__WORK INSTRUCTION__
If pictures are present, leave them out, and copy the data word for word.

__SOURCE MATERIAL__
* * * * *

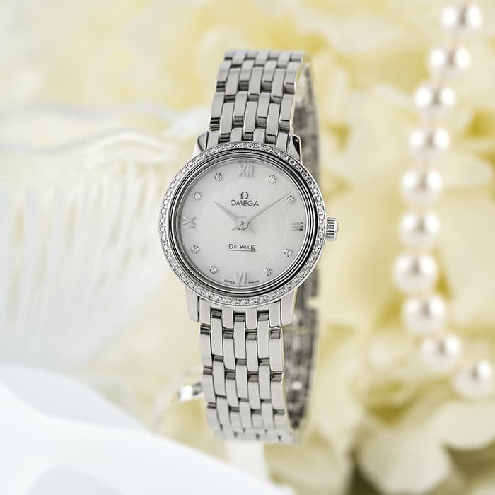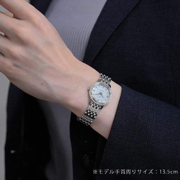 フランス語で「都会」という意味の【デ・ヴィル】。クラシカルでエレガントな時代を超越したデザインで人気のシリーズです。光を反射させる細かいブレスに、見る角度によって色合いの変わる上品なマザーオブパール文字盤とベゼルにダイヤモンドがセッティングされており、ジュエリーのような雰囲気を感じさせます。高性能クォーツムーブメント、Cal.1376を搭載しています。
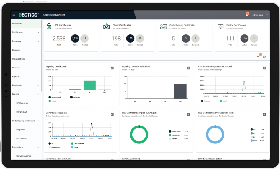 Sectigo Certificate Manager (SCM) is a universal platform purpose-built to manage the lifecycles of digital certificates to secure every human and machine identity across your enterprise, all from a single interface. With SCM you can automate the discovery, issuance, deployment, and management of Sectigo certificates, alongside those from other publicly trusted Certificate Authorities (CAs) and private CAs, including Microsoft AD CS, Google Certificate Authority Service, and AWS Private CA.
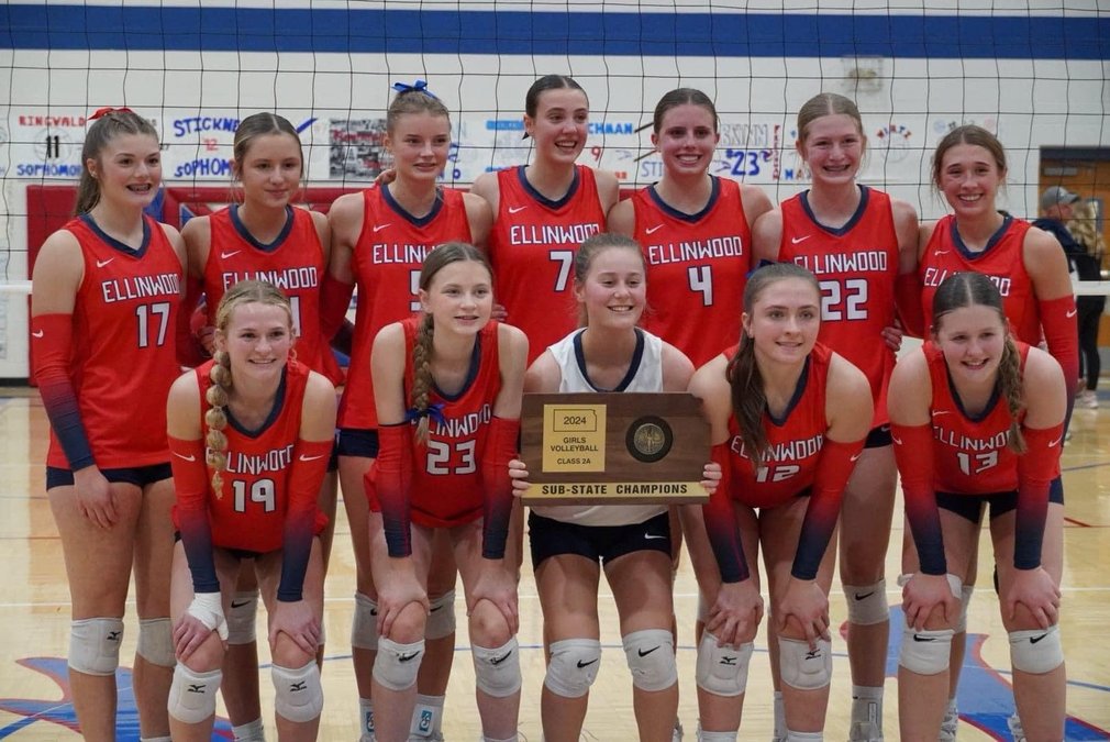 ELLINWOOD — No. 2 ranked Ellinwood (39-2) defeated Hays TMP, 25-23, 25-14 to qualify for the 2A state volleyball championship after beating Sterling, 25-13, 25-11 in the semifinals. Ellinwood qualified for state volleyball in 2021 and 2018.
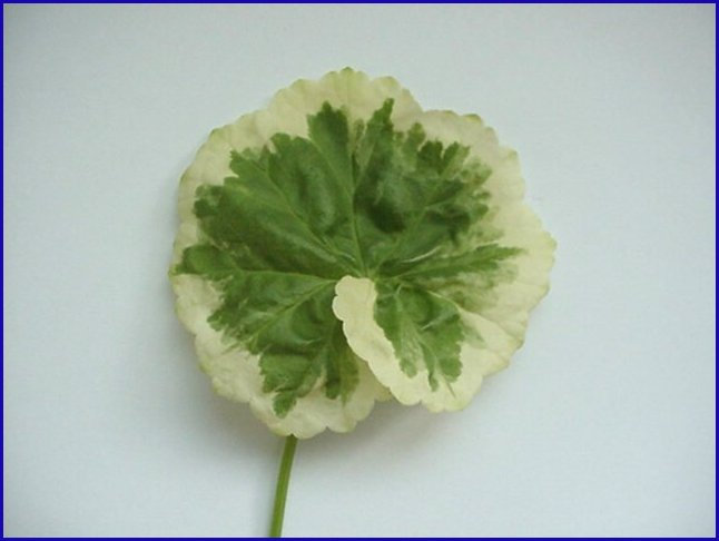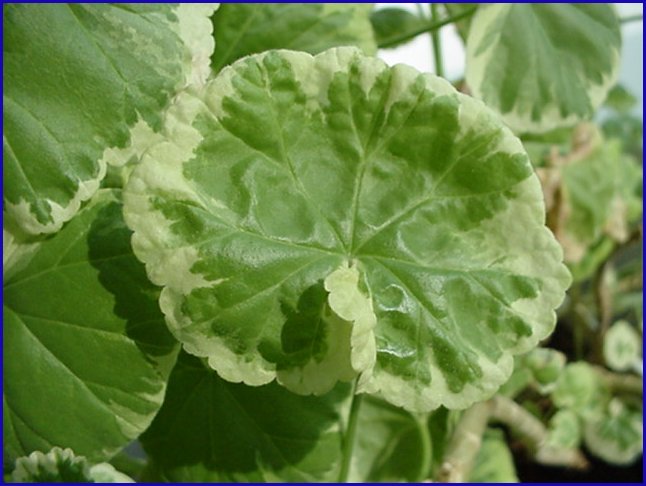 Préparation : un pot de Pélargonium à feuilles panachées est mis au soleil direct pendant 4 heures. La partie blanche des feuilles ne contient pas de chlorophylle.

* * * * *

__EXPECTED ANSWER__
 フランス語で「都会」という意味の【デ・ヴィル】。クラシカルでエレガントな時代を超越したデザインで人気のシリーズです。光を反射させる細かいブレスに、見る角度によって色合いの変わる上品なマザーオブパール文字盤とベゼルにダイヤモンドがセッティングされており、ジュエリーのような雰囲気を感じさせます。高性能クォーツムーブメント、Cal.1376を搭載しています。
 Sectigo Certificate Manager (SCM) is a universal platform purpose-built to manage the lifecycles of digital certificates to secure every human and machine identity across your enterprise, all from a single interface. With SCM you can automate the discovery, issuance, deployment, and management of Sectigo certificates, alongside those from other publicly trusted Certificate Authorities (CAs) and private CAs, including Microsoft AD CS, Google Certificate Authority Service, and AWS Private CA.
 ELLINWOOD — No. 2 ranked Ellinwood (39-2) defeated Hays TMP, 25-23, 25-14 to qualify for the 2A state volleyball championship after beating Sterling, 25-13, 25-11 in the semifinals. Ellinwood qualified for state volleyball in 2021 and 2018.
 Préparation : un pot de Pélargonium à feuilles panachées est mis au soleil direct pendant 4 heures. La partie blanche des feuilles ne contient pas de chlorophylle.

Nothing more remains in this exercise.